Published online 2017 March 27. doi:  10.1155/2017/5637923
PMCID: PMC5385900

A Higher Ovarian Response after Stimulation for IVF Is Related to a Higher Number of Euploid Embryos

Abstract

This study has analysed the relationship between ovarian response and the number of euploid embryos. This is a post hoc analysis of a subset of data generated during a prospective cohort study previously published. Forty-six oocyte donors were subjected to ovarian stimulation with 150 IU of rFSH and 75 IU of hp-hMG in a GnRH agonist long protocol. Preimplantation genetic screening was performed in all viable embryos. We observed a positive relationship between ovarian response and the number of euploid embryos. When ovarian response was above the median (≥17 oocytes), the mean number of euploid embryos per donor was 5.0 ± 2.4, while when <17 oocytes were obtained the mean number of euploid embryos was 2.7 ± 1.4 (p = 0.000). Aneuploidy rate did not increase with ovarian response or gonadotropin doses. Also, the number of euploid embryos was inversely related to the amount of gonadotropins needed per oocyte obtained (ovarian sensitivity index). These results suggest that the number of euploid embryos available for embryo transfer increases as the number of oocytes obtained does. Considering the total number of euploid embryos seems more relevant than the aneuploidy rate.

1. Introduction

The relatively high aneuploidy rate observed in human embryos after an IVF/ICSI cycle has been classically attributed to the technique itself, assuming that this prevalence might be lower in natural conceptions. Two main hypotheses have been proposed to contribute to these findings: (1) exogenous factors related to the IVF technique, such as controlled ovarian stimulation (COS) treatments or lab conditions; (2) a high ovarian response after using gonadotropins.

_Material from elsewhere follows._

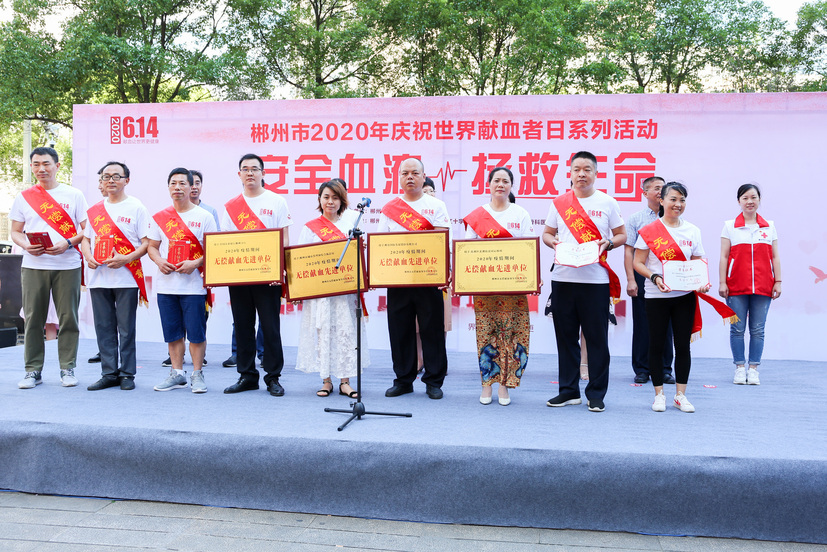 6月14日是第十七个“世界献血者日”,为弘扬献血者无私奉献的精神,推动郴州市无偿献血事业持续发展,营造无偿献血的良好氛围,6月12日上午,我市在龙腾广场,开展郴州市2020年庆祝“世界献血者日”系列活动,现场表彰慰问无偿献血优秀个人、优秀单位、优秀志愿者及困难献血者代表。

Ovarian stimulation effects have been well characterised in animals, mainly in the murine model, and have shown that aggressive stimulation leads to a poorer embryo development potential and could increase the chromosomal abnormalities rate [1, 2]. Yet in humans, studies are scarce and less conclusive. In this context when comparing natural and stimulated cycles, no differences have been observed in terms of cleavage capacity [3], oocyte [4], and embryo aneuploidy rate [5], or incidence of aneuploidy in either aborted foetuses [6] or chorionic villus sampling late in the first trimester of pregnancy [7].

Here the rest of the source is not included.